### Task requirements
Within the listing below, the lines to output run from the one containing "Stolz auf das" through the one containing "Pará de Minas"; copy them exactly and nothing else.

** Material to process follows **

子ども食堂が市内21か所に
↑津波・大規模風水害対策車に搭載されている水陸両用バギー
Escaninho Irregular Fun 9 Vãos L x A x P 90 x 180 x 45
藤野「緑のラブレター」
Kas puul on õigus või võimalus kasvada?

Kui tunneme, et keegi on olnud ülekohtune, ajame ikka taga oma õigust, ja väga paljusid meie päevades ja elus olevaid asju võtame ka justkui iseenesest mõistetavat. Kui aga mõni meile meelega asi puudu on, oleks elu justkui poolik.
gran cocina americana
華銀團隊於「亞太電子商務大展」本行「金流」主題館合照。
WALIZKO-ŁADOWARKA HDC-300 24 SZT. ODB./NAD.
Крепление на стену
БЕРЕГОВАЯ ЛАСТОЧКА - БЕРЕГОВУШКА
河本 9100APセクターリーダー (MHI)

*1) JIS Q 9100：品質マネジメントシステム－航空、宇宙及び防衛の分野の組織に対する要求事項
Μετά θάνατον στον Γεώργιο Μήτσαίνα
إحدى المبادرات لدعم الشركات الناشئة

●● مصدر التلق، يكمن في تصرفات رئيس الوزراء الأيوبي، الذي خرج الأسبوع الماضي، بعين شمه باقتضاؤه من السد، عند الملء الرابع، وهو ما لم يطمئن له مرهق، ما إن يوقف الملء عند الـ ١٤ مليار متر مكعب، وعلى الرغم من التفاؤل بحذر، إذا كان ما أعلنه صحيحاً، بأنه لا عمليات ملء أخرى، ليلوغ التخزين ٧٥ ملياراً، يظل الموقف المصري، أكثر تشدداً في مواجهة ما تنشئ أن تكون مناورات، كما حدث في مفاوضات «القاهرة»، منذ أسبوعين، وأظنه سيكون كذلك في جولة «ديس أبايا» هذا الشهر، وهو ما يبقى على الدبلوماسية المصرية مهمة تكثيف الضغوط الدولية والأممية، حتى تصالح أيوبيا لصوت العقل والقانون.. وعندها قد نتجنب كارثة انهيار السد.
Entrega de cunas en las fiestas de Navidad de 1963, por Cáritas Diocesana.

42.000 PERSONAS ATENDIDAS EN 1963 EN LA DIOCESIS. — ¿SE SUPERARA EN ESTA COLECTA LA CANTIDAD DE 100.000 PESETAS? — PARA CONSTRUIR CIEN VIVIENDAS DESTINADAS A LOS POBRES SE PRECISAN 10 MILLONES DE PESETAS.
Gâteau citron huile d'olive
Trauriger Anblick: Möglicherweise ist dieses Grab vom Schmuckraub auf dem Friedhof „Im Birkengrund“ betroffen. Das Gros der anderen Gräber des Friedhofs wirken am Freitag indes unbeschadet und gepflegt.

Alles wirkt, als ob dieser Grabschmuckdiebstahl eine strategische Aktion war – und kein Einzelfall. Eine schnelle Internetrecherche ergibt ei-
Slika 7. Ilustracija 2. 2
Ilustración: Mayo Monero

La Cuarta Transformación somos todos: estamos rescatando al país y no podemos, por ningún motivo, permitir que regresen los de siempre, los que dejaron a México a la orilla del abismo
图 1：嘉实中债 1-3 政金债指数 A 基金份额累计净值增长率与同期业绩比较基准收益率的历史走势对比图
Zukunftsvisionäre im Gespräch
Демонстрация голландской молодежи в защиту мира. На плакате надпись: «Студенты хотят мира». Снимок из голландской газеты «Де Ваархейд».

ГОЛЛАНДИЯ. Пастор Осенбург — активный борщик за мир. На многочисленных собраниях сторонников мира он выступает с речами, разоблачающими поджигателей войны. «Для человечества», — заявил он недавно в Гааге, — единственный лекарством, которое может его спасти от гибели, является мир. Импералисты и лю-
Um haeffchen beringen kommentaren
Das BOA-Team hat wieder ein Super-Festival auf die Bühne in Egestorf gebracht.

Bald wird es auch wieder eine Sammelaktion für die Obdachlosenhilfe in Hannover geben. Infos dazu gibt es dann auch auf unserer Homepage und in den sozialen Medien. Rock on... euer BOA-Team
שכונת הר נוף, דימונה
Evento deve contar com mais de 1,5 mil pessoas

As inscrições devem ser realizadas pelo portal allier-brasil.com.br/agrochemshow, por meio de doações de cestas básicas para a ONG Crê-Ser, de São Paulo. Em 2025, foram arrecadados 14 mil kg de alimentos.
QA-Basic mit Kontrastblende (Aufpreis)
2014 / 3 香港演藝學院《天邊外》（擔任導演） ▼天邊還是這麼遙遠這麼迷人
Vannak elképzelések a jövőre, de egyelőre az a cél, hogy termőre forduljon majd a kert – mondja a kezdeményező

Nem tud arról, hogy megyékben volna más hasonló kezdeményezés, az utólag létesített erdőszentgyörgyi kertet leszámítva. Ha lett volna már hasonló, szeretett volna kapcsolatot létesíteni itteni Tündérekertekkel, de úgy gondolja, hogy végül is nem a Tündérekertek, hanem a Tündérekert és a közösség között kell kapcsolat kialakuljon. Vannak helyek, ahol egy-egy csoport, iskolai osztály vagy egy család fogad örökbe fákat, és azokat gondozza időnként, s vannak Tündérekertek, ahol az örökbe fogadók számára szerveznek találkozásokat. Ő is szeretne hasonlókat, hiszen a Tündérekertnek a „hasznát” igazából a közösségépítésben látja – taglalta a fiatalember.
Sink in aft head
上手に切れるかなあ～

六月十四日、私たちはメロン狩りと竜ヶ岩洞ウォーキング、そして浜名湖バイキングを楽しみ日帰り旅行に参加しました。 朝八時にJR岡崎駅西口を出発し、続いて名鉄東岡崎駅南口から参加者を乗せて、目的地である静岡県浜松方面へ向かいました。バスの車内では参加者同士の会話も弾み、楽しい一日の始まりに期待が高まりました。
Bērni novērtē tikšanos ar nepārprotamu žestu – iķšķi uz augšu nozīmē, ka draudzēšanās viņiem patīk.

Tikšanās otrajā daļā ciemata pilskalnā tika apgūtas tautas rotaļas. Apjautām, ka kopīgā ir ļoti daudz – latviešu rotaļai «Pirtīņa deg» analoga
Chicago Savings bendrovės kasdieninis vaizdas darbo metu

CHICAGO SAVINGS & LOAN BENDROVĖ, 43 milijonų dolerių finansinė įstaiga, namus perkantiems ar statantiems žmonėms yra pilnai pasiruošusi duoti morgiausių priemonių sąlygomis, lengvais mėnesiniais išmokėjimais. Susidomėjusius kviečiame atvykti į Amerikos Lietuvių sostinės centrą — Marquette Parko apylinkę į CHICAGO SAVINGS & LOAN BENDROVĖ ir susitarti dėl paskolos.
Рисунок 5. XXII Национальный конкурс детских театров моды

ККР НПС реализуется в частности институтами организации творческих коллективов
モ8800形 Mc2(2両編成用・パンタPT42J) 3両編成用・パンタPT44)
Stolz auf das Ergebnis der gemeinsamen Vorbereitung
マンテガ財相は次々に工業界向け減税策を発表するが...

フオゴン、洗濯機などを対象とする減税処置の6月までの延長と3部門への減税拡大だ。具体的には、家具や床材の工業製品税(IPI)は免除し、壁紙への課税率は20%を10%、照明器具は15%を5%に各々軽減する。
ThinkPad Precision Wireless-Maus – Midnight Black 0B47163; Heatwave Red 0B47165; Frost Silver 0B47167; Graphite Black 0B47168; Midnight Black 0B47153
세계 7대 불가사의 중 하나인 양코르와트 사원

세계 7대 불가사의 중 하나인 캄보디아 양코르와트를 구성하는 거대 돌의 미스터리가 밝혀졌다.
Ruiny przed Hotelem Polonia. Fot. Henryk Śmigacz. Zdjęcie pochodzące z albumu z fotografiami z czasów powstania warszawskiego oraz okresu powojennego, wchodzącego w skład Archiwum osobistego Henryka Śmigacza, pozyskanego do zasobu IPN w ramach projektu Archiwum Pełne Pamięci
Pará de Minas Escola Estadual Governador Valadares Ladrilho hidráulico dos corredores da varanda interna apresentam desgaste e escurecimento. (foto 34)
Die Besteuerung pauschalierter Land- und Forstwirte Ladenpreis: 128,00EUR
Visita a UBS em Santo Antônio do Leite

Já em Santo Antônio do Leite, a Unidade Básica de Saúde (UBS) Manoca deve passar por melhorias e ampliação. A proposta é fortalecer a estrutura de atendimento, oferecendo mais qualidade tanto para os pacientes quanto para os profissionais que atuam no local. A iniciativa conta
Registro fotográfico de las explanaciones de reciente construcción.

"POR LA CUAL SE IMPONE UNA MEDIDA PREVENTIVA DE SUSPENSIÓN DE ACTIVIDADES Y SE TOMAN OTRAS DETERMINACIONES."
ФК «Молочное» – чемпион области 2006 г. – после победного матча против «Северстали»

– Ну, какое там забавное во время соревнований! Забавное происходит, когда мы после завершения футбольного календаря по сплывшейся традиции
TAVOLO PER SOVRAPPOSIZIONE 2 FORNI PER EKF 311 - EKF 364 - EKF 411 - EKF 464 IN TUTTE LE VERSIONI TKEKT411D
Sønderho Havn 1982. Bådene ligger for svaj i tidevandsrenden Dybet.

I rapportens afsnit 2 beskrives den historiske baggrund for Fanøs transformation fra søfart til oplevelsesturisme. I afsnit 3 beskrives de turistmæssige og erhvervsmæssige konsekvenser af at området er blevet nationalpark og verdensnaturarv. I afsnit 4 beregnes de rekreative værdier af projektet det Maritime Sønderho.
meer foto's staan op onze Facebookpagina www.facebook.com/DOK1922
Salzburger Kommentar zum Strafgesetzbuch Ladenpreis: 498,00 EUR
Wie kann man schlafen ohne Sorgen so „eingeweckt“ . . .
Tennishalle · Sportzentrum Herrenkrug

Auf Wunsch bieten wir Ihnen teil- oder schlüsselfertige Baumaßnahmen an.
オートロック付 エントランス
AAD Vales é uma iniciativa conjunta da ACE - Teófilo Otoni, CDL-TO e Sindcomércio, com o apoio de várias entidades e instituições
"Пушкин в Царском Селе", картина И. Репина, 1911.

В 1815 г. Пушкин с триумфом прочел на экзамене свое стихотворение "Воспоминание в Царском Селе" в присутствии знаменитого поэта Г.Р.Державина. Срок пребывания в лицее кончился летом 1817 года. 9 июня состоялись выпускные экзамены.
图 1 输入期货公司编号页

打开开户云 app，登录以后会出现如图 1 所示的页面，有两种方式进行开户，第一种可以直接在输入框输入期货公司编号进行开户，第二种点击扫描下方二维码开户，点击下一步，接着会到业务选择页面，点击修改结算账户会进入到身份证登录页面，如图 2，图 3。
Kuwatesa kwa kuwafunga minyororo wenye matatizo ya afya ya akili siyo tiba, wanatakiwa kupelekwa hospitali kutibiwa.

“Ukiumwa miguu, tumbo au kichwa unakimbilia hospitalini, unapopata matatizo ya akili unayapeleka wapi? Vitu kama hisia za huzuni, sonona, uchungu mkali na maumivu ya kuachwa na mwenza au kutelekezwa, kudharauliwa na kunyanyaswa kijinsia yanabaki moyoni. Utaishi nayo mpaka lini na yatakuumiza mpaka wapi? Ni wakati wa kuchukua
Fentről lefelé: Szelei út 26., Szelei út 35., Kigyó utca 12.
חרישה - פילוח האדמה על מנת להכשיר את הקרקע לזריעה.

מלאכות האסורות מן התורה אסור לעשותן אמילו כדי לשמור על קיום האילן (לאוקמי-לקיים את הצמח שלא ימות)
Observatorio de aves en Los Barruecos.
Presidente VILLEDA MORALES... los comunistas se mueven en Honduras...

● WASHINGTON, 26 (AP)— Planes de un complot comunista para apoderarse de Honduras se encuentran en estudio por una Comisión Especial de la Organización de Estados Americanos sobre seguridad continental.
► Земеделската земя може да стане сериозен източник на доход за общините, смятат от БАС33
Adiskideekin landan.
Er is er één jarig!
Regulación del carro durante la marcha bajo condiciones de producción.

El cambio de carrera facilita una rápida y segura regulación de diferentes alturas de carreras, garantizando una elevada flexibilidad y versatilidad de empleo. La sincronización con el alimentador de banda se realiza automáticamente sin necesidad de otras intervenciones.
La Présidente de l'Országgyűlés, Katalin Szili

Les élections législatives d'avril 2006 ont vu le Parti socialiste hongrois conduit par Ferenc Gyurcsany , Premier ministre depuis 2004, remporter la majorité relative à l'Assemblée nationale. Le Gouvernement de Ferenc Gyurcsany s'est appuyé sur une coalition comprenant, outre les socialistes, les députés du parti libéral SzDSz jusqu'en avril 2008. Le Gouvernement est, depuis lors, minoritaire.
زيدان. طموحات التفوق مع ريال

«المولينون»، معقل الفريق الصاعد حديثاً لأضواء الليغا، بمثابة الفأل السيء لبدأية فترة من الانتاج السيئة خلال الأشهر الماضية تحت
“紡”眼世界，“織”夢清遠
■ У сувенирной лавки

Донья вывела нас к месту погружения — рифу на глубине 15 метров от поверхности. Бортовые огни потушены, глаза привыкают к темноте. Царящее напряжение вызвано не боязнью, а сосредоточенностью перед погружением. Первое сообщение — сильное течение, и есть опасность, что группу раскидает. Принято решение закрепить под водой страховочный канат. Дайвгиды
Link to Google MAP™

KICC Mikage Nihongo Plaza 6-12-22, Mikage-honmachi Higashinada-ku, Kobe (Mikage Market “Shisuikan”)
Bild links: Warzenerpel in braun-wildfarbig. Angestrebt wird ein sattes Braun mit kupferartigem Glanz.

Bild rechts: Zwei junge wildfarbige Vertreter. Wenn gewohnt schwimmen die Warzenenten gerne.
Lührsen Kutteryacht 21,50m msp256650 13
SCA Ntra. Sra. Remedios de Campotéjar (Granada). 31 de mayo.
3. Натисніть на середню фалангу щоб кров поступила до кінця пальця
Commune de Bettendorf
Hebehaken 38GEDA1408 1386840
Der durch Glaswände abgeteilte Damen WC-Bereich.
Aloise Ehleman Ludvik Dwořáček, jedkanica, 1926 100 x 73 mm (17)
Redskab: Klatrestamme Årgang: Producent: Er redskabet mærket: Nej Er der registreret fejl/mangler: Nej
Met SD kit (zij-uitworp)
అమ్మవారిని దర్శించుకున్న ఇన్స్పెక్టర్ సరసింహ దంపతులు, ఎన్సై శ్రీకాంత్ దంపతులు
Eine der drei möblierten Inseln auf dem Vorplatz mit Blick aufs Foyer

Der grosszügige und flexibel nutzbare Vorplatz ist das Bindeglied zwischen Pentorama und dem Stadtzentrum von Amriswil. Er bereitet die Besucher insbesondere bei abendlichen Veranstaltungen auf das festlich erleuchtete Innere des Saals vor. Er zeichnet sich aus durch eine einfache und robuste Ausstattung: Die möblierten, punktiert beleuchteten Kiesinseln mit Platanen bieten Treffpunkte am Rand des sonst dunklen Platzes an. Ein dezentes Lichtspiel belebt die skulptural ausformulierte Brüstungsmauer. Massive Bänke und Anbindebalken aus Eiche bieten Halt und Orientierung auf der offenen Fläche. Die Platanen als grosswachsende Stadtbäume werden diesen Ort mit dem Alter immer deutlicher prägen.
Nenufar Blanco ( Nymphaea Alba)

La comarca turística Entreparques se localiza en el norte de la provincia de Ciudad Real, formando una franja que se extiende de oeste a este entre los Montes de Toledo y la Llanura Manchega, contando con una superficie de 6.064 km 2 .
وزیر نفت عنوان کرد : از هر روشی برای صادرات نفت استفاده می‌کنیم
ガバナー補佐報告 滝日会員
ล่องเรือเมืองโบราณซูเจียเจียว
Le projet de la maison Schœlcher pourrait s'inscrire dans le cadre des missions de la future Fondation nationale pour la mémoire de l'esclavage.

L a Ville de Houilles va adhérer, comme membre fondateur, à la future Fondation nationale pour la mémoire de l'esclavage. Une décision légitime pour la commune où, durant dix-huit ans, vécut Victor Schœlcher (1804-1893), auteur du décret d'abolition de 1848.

** End of Material to process **

### Task response
Stolz auf das Ergebnis der gemeinsamen Vorbereitung
マンテガ財相は次々に工業界向け減税策を発表するが...

フオゴン、洗濯機などを対象とする減税処置の6月までの延長と3部門への減税拡大だ。具体的には、家具や床材の工業製品税(IPI)は免除し、壁紙への課税率は20%を10%、照明器具は15%を5%に各々軽減する。
ThinkPad Precision Wireless-Maus – Midnight Black 0B47163; Heatwave Red 0B47165; Frost Silver 0B47167; Graphite Black 0B47168; Midnight Black 0B47153
세계 7대 불가사의 중 하나인 양코르와트 사원

세계 7대 불가사의 중 하나인 캄보디아 양코르와트를 구성하는 거대 돌의 미스터리가 밝혀졌다.
Ruiny przed Hotelem Polonia. Fot. Henryk Śmigacz. Zdjęcie pochodzące z albumu z fotografiami z czasów powstania warszawskiego oraz okresu powojennego, wchodzącego w skład Archiwum osobistego Henryka Śmigacza, pozyskanego do zasobu IPN w ramach projektu Archiwum Pełne Pamięci
Pará de Minas Escola Estadual Governador Valadares Ladrilho hidráulico dos corredores da varanda interna apresentam desgaste e escurecimento. (foto 34)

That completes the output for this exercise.